Five days ago a twitter friend of mine (@Clubnette) passed away. Word came to me from a mutual friend. The news shocked me. I still remember cupping my mouth and shouting “oh my god!” enough for coworkers to ask if everything was okay.

“Yeah…” I respond after a while. “Something happened…” I brush it off, still trying to figure out if the news was real, or if perhaps it was part of a cruel joke, or part of an incoherent string of messages. But no.

Stunned. I had no words. Nothing. I could do nothing. Sad. Angry. Hopeless. There was absolutely nothing I could do in that moment and as my eyes welled up, I did the only thing I could do. I cried. The emotions washed over me, much more than I expected. I hadn’t cried in a very long time. The only words that came next, were ones that would haunt me every day since then: It’s not fair.

I kept repeating the words, over and over in my head. Each time with more anger, accusatory anger at the ether that had not only wronged me, but robbed me. Guilt would soon saunter in, for while this was an online friend, I hadn’t yet met in person. I certainly didn’t know her as well as those closer; family, and other loved ones. How dare I feel the way I do.

But the roller coaster wouldn’t end, repeating this same pattern throughout the day. I’d be okay, and then not. Was I seriously doing this?
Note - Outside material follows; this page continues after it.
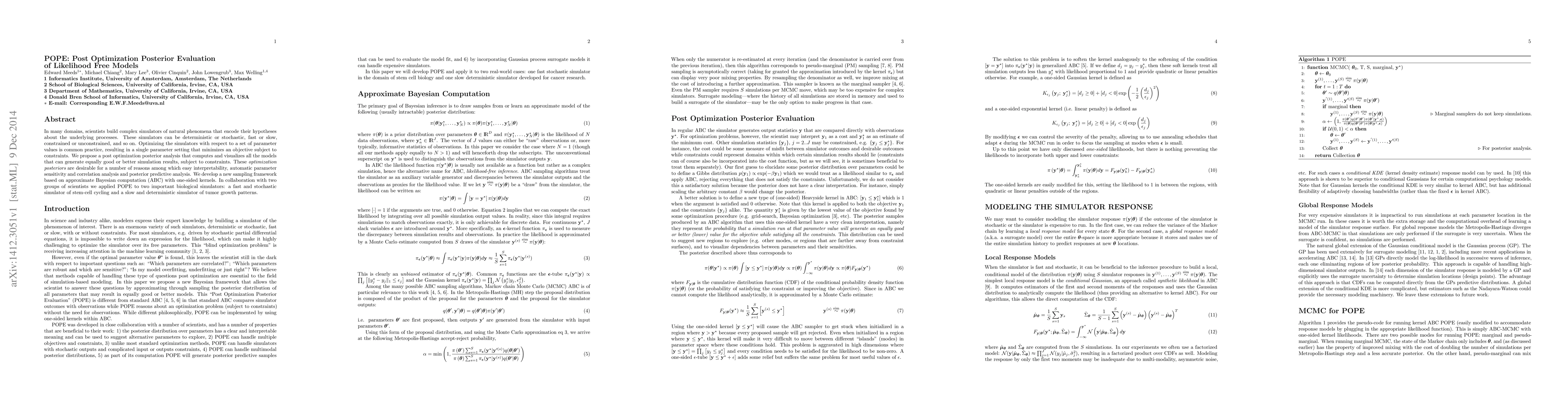 In many domains, scientists build complex simulators of natural phenomena that encode their hypotheses about the underlying processes. These simulators can be deterministic or stochastic, fast or slow, constrained or unconstrained, and so on. Optimizing the simulators with respect to a set of parameter values is common practice, resulting in a single parameter setting that minimizes an objective subject to constraints. We propose a post optimization posterior analysis that computes and visualizes all the models that can generate equally good or better simulation results, subject to constraints. These optimization posteriors are desirable for a number of reasons among which easy interpretability, automatic parameter sensitivity and correlation analysis and posterior predictive analysis. We develop a new sampling framework based on approximate Bayesian computation (ABC) with one-sided kernels. In collaboration with two groups of scientists we applied POPE to two important biological simulators: a fast and stochastic simulator of stem-cell cycling and a slow and deterministic simulator of tumor growth patterns.

Is this normal?

I posted the following on my facebook:

Grief over the loss of someone is an odd thing. This feels so unfair, and while everyone agrees and people even say “life is unfair” it does nothing to quell the pain, the anger, the void. I feel personally robbed of this person and yet i feel so selfish for feeling anything at all because others also loved her and knew her better than me. There’s no winning in this capricious cycle of emotions. But then again, it’s not about winning, as much as the pain is testament to how much she meant to me.

I love that my friends commented their support. One reply stood out that made me feel a little better:

It doesn’t matter who loved her or knew her. You bear her imprint on your heart and on your life. Your sorrow is a testament to her impact on you. it isn’t selfish. It’s individual. No one else had the relationship with this person that you did. No one has or ever will have the same affect on you as she did. You get to grieve that without guilt. I am sorry.

Her words helped. Tremendously. It allowed me to just let me feel, let me experience the only thing I could do; grieve.

It’s just not fair.

And for the most part I remind myself how lucky I was to have just experienced a sliver of her in my life. For that, I am truly grateful.

And although we’d go a long time without talking, I’d be reminded of her presensce whenever she would favorite something on my timeline. Any other day I’d wake up to a stream of notifications that she’d been through my timeline favoriting things. That always made me smile. I will miss that so much.

And that’s sort of the relationship we had. We’d go a while without talking, but pick up right where we left off. When we had a rough day, we’d talk about running away in our very own TARDIS. She’d joke about my imaginary tutu i’d wear (hidden blades in the folds), and talk about just start anew.

I find myself going to her twitter account, somehow hoping that she’d post something, but she doesn’t. There are no notifications that she’s favorited anything. There’s no random stream of poetry in my timeline from her.

It’s just not fair.

I think I stalked just about every family member tied to her twitter account and website. Reality sinks in again as the many condolences fly by, the many photos of her, the many unspoken words.

It’s just not fair.

It’s all so sudden and there’s been no firm word on what happened. All we know is she passed away in her sleep. And it’s true, like many have said, in the end it doesn’t matter.

Thank you, Nette. Thank you for leaving your imprint, because yes, you left one in me. You really did.